People abandon one another. It's what they do. Happens all the time...
_Posted via Mobile Device_


----------



## aribabe (Aug 9, 2012)

swetecynamome said:


> So everyone's fine with their spouse leaving them if they get sick, get into an accident that alters them physically in some way, get cancer and have to lop off parts of themselves, take a med that puffs them out, etc. How is this different than the abandonment that occurs when a spouse cheats with someone else? It's all abandonment for the sake of "lack of attraction."


If my husband lost his job, I would not be less finacially attracted to him because I know h has the drive to be successful
If my husband quit and decided to become a walmart cashier, i'd most likely file for divorce.

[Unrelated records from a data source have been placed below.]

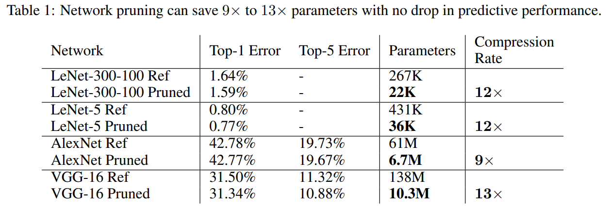 MNIST의 Lenet-300-100, Lenet-5, 그리고 ImageNet의 AlexNet VGG-16으로 4개의 대표적인 네트워크를 pruning하였으며, pruning 전후의 네트워크 파라미터 및 정확도는 Table 1과 같다.
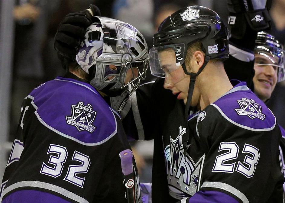 Jonathan Quick in Dustin Brown – vratar in dvakratni strelec za Kings. (Foto: Re
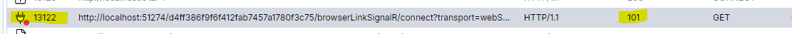 I'm trying to debug an API that uses RabbitMQ and SignalR for async communication. My C# code is throwing a connection error exception right around the time that the above shows up in my fiddler trace. Everything else in the debug session shows up like below:
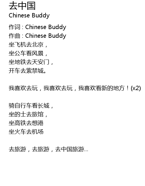 | qu lv you, qu lv you, qu zhong guo lv you... |
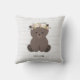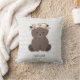 En kudde med ett träslag med ett temat mönster som illustrerar en björn i baby över en grått-träbakgrund. Anpassa namn. Björnen bär en blomma krona.
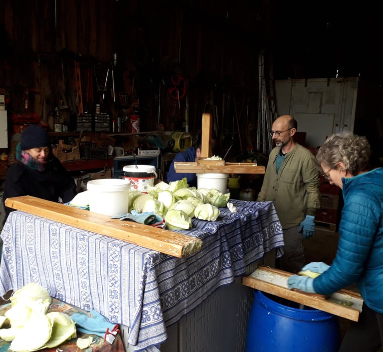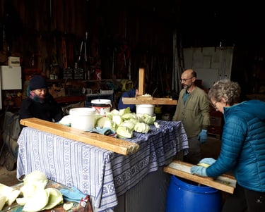 Comme chaque année nous sommes conviés.es à la ferme de Véronique et Thibault pour préparer la choucroute.
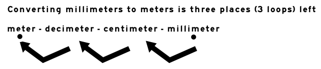Kilometer - Hectometer - Decameter - meter - centimeter - millimeter More loops are now possible, but the conversion is still as easy to do. Remember, you may need more placeholder zeros.
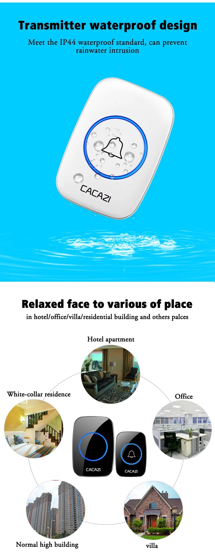Беспроводной дверной звонок CACAZI, 36 мелодий, only a Transmitter интересное:
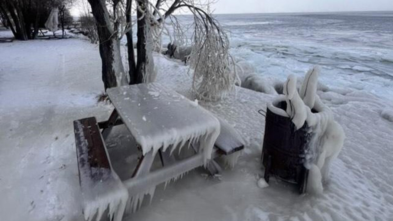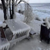 Gölün bir kısmında rüzgarın da etkisiyle kıyıya vuran dalgaların donması sonucu ağaçlarda ve banklarda ilginç görüntüler oluşturdu.
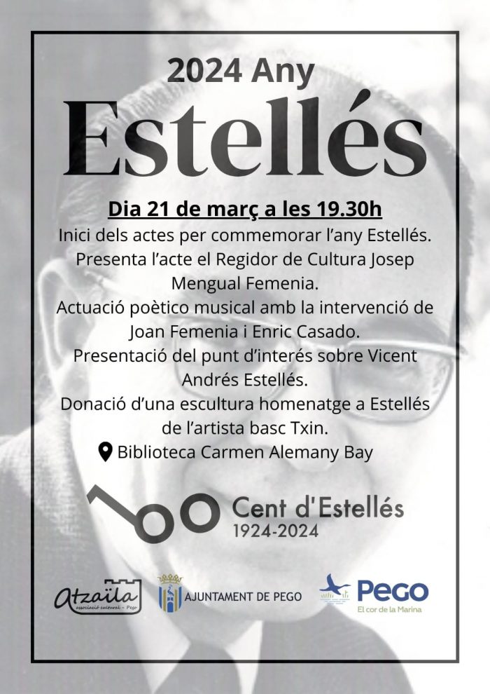 Pego retrà homenatge a Vicent Andrés Estellés, un dels poetes valencians més importants i del qual se celebra este 2024 el centenari del seu naixement. Per a celebrar destacada efemèride el consistori ha decidit programar una sèrie d’actes dedicats a la figura de l’autor, que va nàixer a Burjassot un 4 de setembre de 1924.

If I gained weight from cancer/other illness, my husband probably would be less physically attracted to me, but he would love, honor, and cherish me through my illness.
If I decided I just didn't want to work out or eat normal portion sizes anymore and gained significant weight, my husbad would probably want a divorce if I didn't pull it together.

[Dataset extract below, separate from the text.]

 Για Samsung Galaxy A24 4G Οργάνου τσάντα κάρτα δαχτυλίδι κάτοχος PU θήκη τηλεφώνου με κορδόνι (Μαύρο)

Being married doesn't mean he gets to be a walmart cashier, or I get to be fat, just cuz'.
We have a responsibilty to try to remain attractive to one another.
For better or worse doesn't mean let's indulge in the worst because we can, it means if the worse "happens to you", I'm there for you.
_Posted via Mobile Device_


----------



## aribabe (Aug 9, 2012)

swetecynamome said:


> Depakote is a drug notorious for causing tremendous weight gain. I'm on it because I have to be. The only way to combat it is to live at the gym, but I'm a writer and being a writer is my career and necessary for my mental well-being. (And when I say live at the gym, I mean that literally.) So my husband (who was!) is justified in leaving me because I want to write for my well-being and career but not live at the gym. I just want to make sure I'm understanding things. And I hope I'm not hijacking the thread. If so, I'll stop and if so, forgive me.

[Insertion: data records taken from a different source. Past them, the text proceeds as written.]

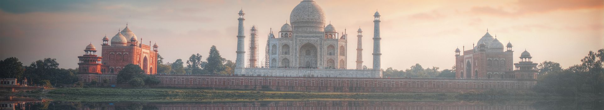 Inde - Vue sur le mausolée de Taj Mahal et effet miroir sur la rivière Yamuna, à Agra
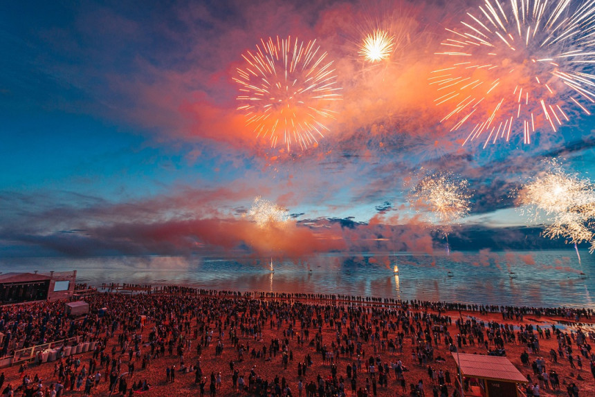 Vakara programmu Majoru pludmalē virs jūras atklās lidmašīnu akrobātiski lidojumi un augstākās pilotāžas paraugdemonstrējumi. No lielās skatuves Majoru pludmalē izskanēs lielkoncerts - uzstāsies latviešu rokmūziķis Ivo Fomins, hiphopa grupa “Singapūras satīns” un mūziķu apvienība - grupa “Dagamba”.
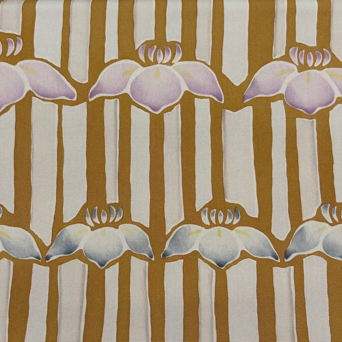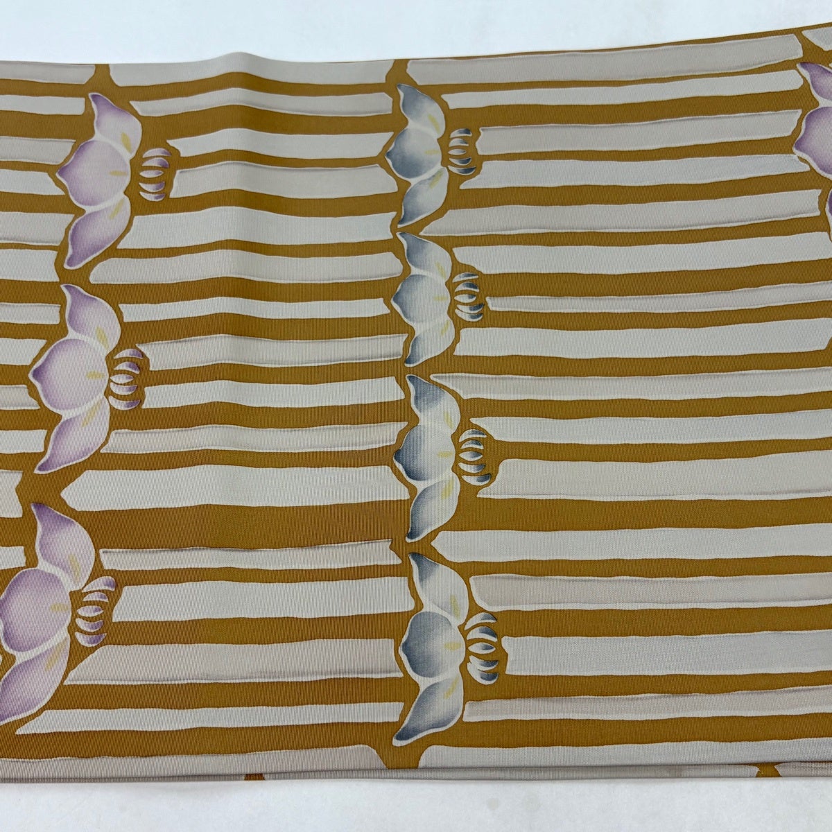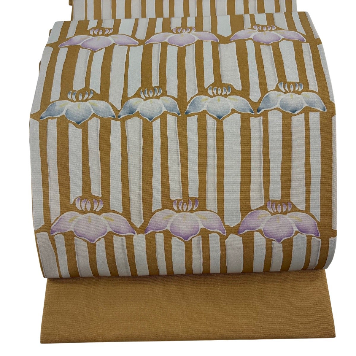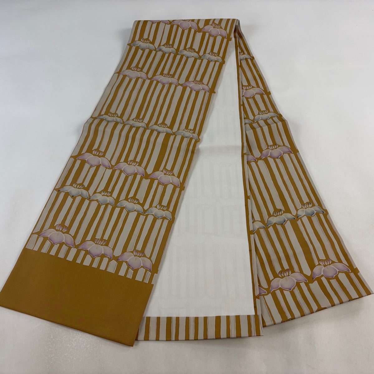 【美品】 開き名古屋帯 秀品 花 縞 黄土色 正絹

I believe that "things that happen TO us" fall under the protection of for better or worse
I belive that things we choose to do (become alcoholic, adulterer, weight gain just cuz',etc) do not.

I imagine you wouldn't be taking the medication if it wasn't neccesary, and I think you deserve to have your husband there with you through your illness as I expect mine to be. I have an illness as well though it's more likely to cause weight loss than gain.
Your husband may not be attracted to the extra weight, mine wouldn't be no matter the cause, but he has a resposibilty to love, honor and cherish me even when he can't muster physical attraction to me for whaever reason.

If your husband left you because you got sick, he's a jack ass. Period.
_Posted via Mobile Device_


----------



## tracyishere (Dec 2, 2012)

swetecynamome said:


> So everyone's fine with their spouse leaving them if they get sick, get into an accident that alters them physically in some way, get cancer and have to lop off parts of themselves, take a med that puffs them out, etc. How is this different than the abandonment that occurs when a spouse cheats with someone else? It's all abandonment for the sake of "lack of attraction."


I don't remember saying I'd be fine with my spouse leaving me. All I said was that he may not be attracted to me anymore. If your H got a sex change, would he/she still turn you on?

My point is simple: You cannot change your sexual preference.


----------



## mildlyperplexed (Feb 3, 2013)

My husband would make a very ugly woman


----------



## jaquen (Mar 1, 2012)

Tulanian said:


> I don't doubt it's me, largely if not entirely. That being the case, I am who and what I am. If that's not good enough, that's fine. Who am I to say? I must judge myself in better light than she does, or die.


Most people don't want "duty booty" or "pity p*ssy". But it's imperative that you know, and are realistic, about what turns on _your specific _partner on.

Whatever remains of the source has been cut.